This program is intended to aid in the construction of primers for metabarcoding. Given some alignment and target sites on that alignment, the program will select the most conserved*1, valid*2 primers that amplify those sites. The program can additionally design heterogeneity spacers that introduce diversity into the first few bases in a read, as required by some sequencing technologies. When possible, the program will attempt to reduce the propensity of primers to form dimers. This program can be used to design primer sets targetting a single locus, or for multiplexed amplification of multiple loci.
1: The conservation of nucleotides closer to the 3' end are weighted exponentially higher, due to their role in replication initiation.
2: Primer are considered valid iff they have a GC clamp present (in the two most 3' residues), are within the melting temperature range specified by the user, and do not overlap with other targets on the same alignment (to avoid alternate structure formation during amplification.
Written for python 3.10
To install the required packages, run the following.
pip install pipreqs
pip install -r requirements.txt
In order to start the program, execute:
python3 run.py
This will allow you to create a config file and execute it.
5' - Adapter - Index - SequencingPrimer - HeterogeneitySpacer - Binding Sequence - 3'
Note that the 3 most 5' components may vary depending on sequencing technology used.
Adapter - Binds the flow cell.
Index - Allows for identification of reads.
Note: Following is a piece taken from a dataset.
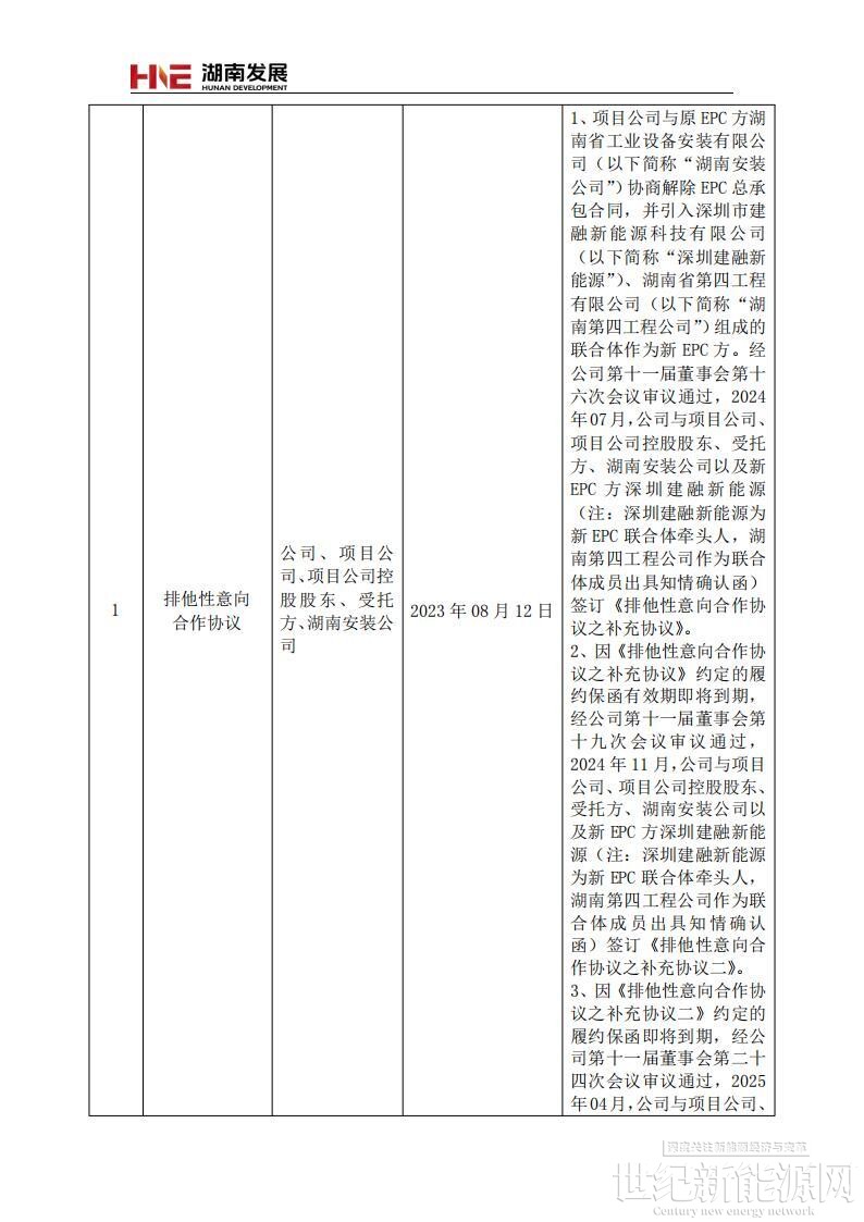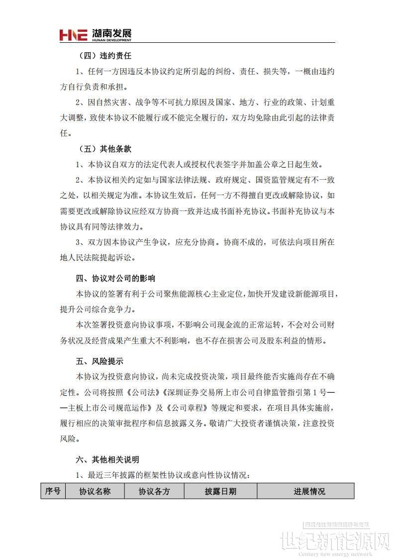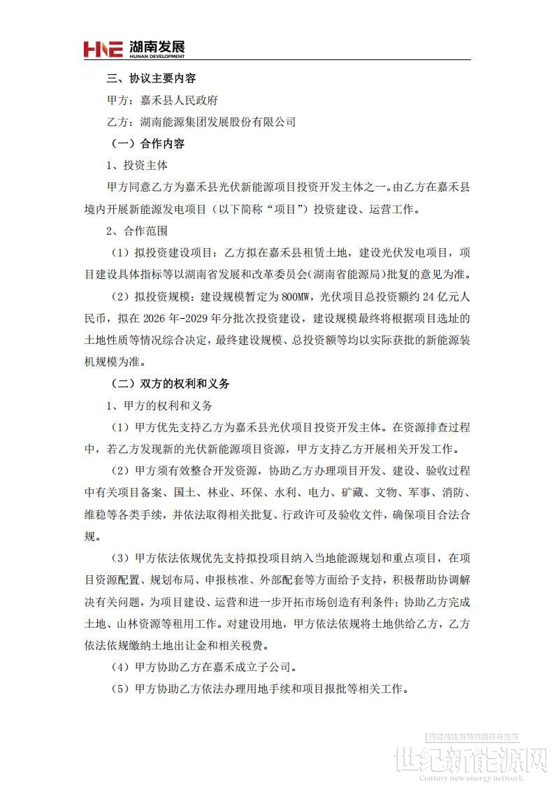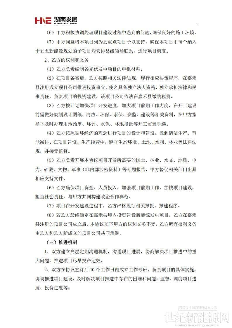 根据协议,湖南发展在嘉禾县租赁土地,建设光伏发电项目,项目建设具体指标等以湖南省发展和改革委员会(湖南省能源局)批复的意见为准。
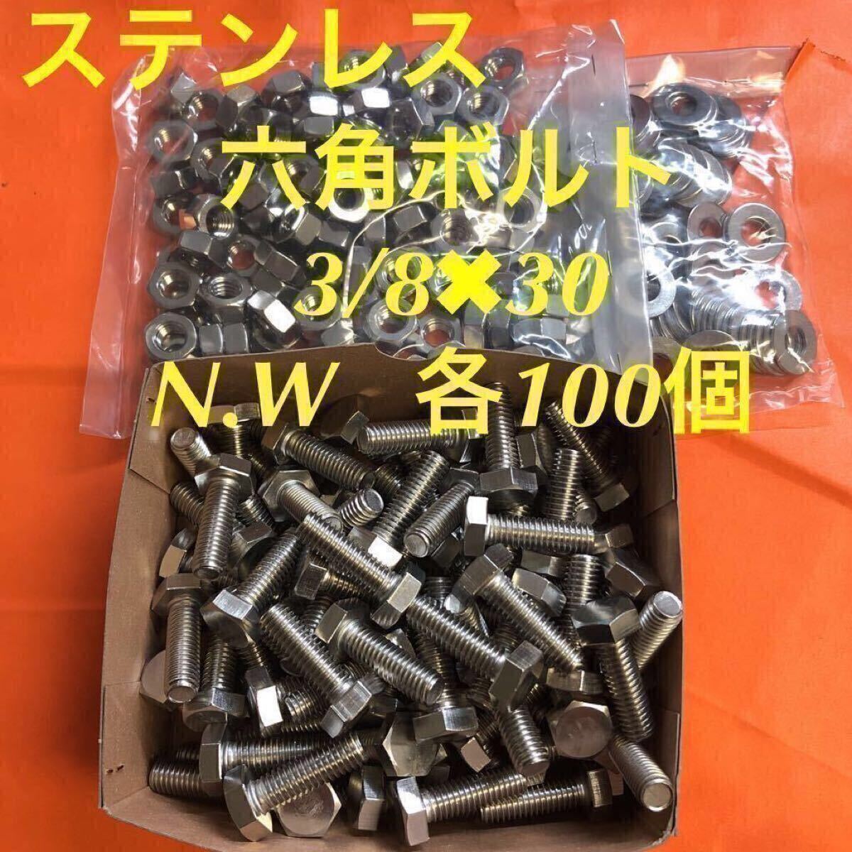 - ★送料込★ステンレス 六角ボルト 3/8×30 ナット・平ワッシャー 各100個 ステン六角ボルト

Sequencing primer - Allows for binding of the sequencing primer.
Heterogeneity spacer - Inserts diversity into the first few nucleotides in each read.
Binding sequence - Binds to regions flanking the target region in order to enable amplification of the target.
Target region - The portion of the target organism's genome to be amplified.
Binding Region - The regions of the target organism's genome to be bound directly by the primers.
The program will prompt you to specify some parameters depending on the type of run you'd like to perform. These will be placed into a config file. Direct modification of config files is encouraged.
alignments_path - Path to the file containing the alignments on which the desired targets lie.
alignment_type - The filetype of the alignments in <alignments_path>.
config_type - The type of config file the user would like to create. Decides which parameters are necessary and what portions of the program to use.
adapters - The sequences to be placed 5' of the heterogeneity spacer. If using a 2-step PCR protocol, these may just contain the sequencing primer. If using a 1-step PCR protocol these may contain the flow cell adapter, index, and sequencing primer.
targets - Locations of the target sites.
target_region_len - The maximum and minimum lengths (inclusive) of any given target region.
binding_region_len - The maximum and minimum lengths (inclusive) of any given binding region.
ideal_binding_size - The ideal length of any binding region. This will serve as a start point from which adjustments will be made to reach melting temp requirements.
max_binding_target_len - The maximum combined length of the target and binding regions (forward and reverse) in any amplicon.
primer_primer_distance - The minimum distance any forward and reverse binding region. Ensures that overlap between binding regions doesn't occur.
primer_target_distance - The minimum distance between a binding region and its target.
max_mt_deviance - The maximum difference in melting temperatures between any two binding regions.
target_melting_temp - The target melting temp about, about which
binding_sequences - The binding sequences to incorporate into the final primers, and for which heterogeneity spacers will be designed.
hetero_region_len - The number of first-read bases that must have perfect heterogeneity.
max_spacer_length - The maximum length of any heterogeneity spacer. Making this too short will often result in failure.
runtime_estimate - The estimated runtime of the program. The program will automatically reduce sample sizes in order to meet stringent time requirements.
num_threads - The number of child processes to spawn during any parallelizable stage of the program.
how_random - By default, the program will always choose the best option according to its own criteria. If the single best option is not entirely satisfactory, increasing this parameter will cause the program to randomly select one of the <how_random> best available solutions at several stages in the program.
num_repetitions - The number of times to run the program. Useful when paired with higher values of how_random generating multiple sets.
verbose - Whether to print the log file directly to console during execution.